В городе встречались люди со странностями, и, может быть, я решила бы, что и она из таких. Был, например, горбун, который каждый день полировал двери ратуши и, насколько мне известно, больше ничего не делал. И прилично одетая женщина, которая все время громко беседовала сама с собой, ругая людей, которых поблизости не было.

Со временем я узнала бы, как ее зовут, и в конце концов выяснила бы, что она и вправду делает все то, во что я не могла поверить.

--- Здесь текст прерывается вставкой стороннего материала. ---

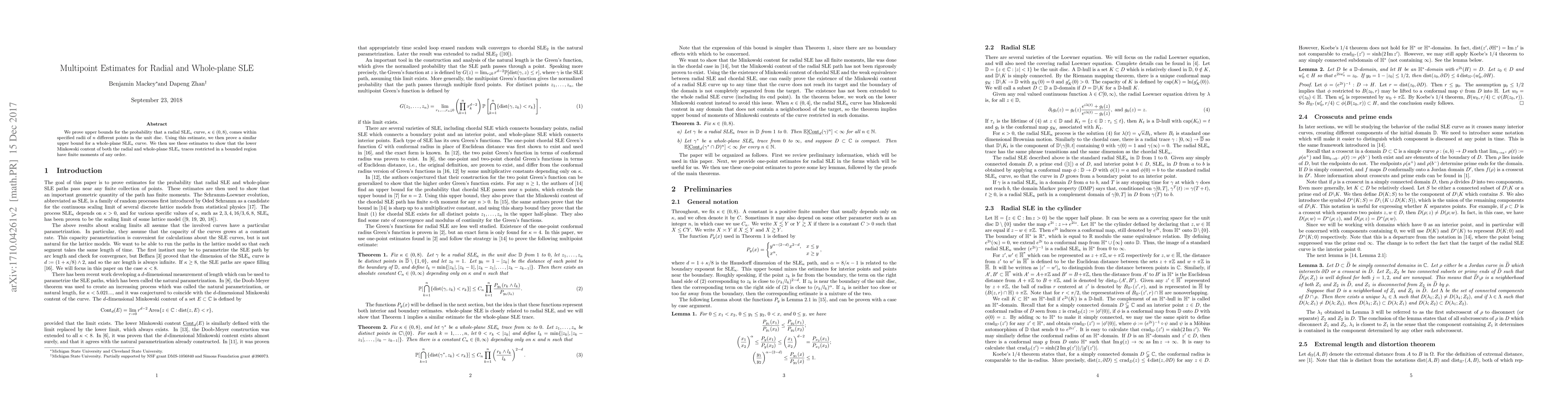 We prove upper bounds for the probability that a radial SLE$_{\kappa}$ curve, $\kappa\in(0,8)$, comes within specified radii of $n$ different points in the unit disc. Using this estimate, we then prove a similar upper bound for a whole-plane SLE$_{\kappa}$ curve. We then use these estimates to show that the lower Minkowski content of both the radial and whole-plane SLE$_{\kappa}$ traces restricted in a bounded region have finite moments of any order.

И еще узнала бы, что мужчина, с которым она танцует и который, кажется, так и остался для меня безымянным, – владелец бильярдной в городе. Когда я была уже старшеклассницей, однажды мы шли мимо бильярдной с какими‑ то девочками из нашей школы, и они подначили меня зайти внутрь, и я зашла, и там оказался он, этот самый человек. Только он растолстел, облысел и был уже не так элегантно одет. Не помню, заговорил ли он со мной, но это было и не нужно. Я пробкой вылетела обратно на улицу, где меня ждали подруги (впрочем, выходит, не такие уж и подруги), и ничего им не сказала.

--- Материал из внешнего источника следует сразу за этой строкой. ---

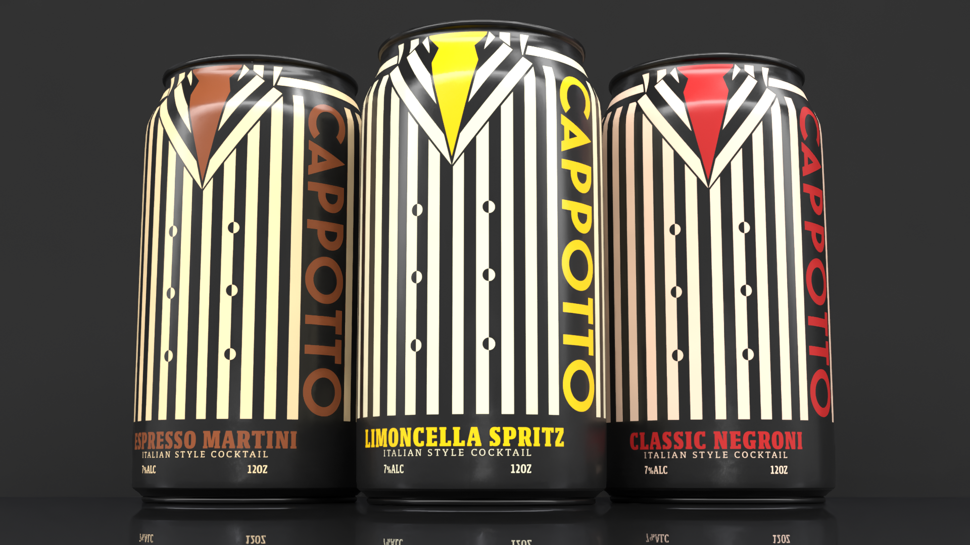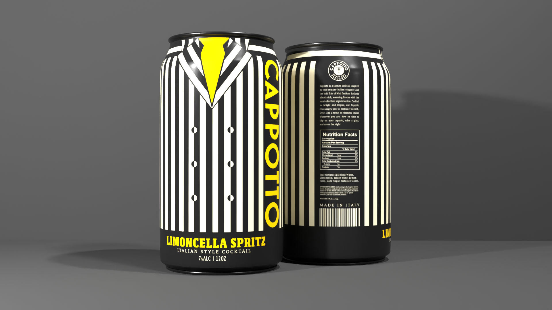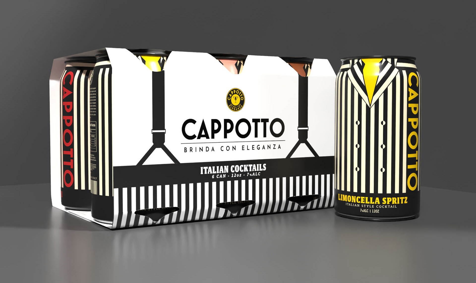 The can labels are all equipped with the classic pinstripe design of many of the overcoats of mid-century Italy to play into the brand name "Cappotto." Each flavor is given a unique, vibrant colorway to demonstrate the iconic visuals of the beautiful Italian cocktails that we all know and love, ranging from the bright, effervescent yellow of the Limoncella Spritz to the much deeper, blood red to deep crimson hue of the Classic Negroni.

При виде владельца бильярдной я как наяву вспомнила те танцы, грохочущее пианино и скрипку, и оранжевое платье, которое я к этому времени уже назвала бы смешным, и внезапное появление моей матери – в пальто, которое она, похоже, так и не успела снять.

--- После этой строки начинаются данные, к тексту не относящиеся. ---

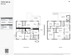 Welcome to 7576 140 St, Surrey BC V3W 5J8! Sitting on a generous 8,092 sq.ft. lot, this extensively updated home offers 6 bedrooms, 4 full bathrooms, 3 kitchens and 2 mortgage-helper suites. Remodelled in 1998 and fully renovated again in 2023 with over $150,000 in upgrades, including new bathrooms, flooring, kitchens, fixtures and paint. Features 2 laundries—one upstairs and one on the ground level. The spacious yard includes 3 apple trees, 1 plum, 1 fig and 2 grape vines. Close to parks, transit and schools; Frank Hurt Secondary and M.B. Sanford are in the catchment.

– Где твое пальто? – спросила она таким тоном, словно я его потеряла.

– Наверху.

– Ну так пойди забери его.

Она сама увидела бы его, если бы побывала наверху. Должно быть, она так и не прошла дальше кухни – все суетилась вокруг угощения, расстегнув собственное пальто, но не сняв его, а потом заглянула в комнату, где танцевали, и узнала женщину в оранжевом платье.

– И не задерживайся, – добавила она.

Я и не собиралась задерживаться. Я открыла дверь на лестницу, взбежала на несколько ступенек и заметила, что там, где лестница поворачивает, сидят какие‑ то люди, закрывая мне путь. Они не видели, что я иду: похоже, были заняты чем‑ то серьезным. Не то чтобы спорили, но вели какой‑ то неотложный и важный разговор.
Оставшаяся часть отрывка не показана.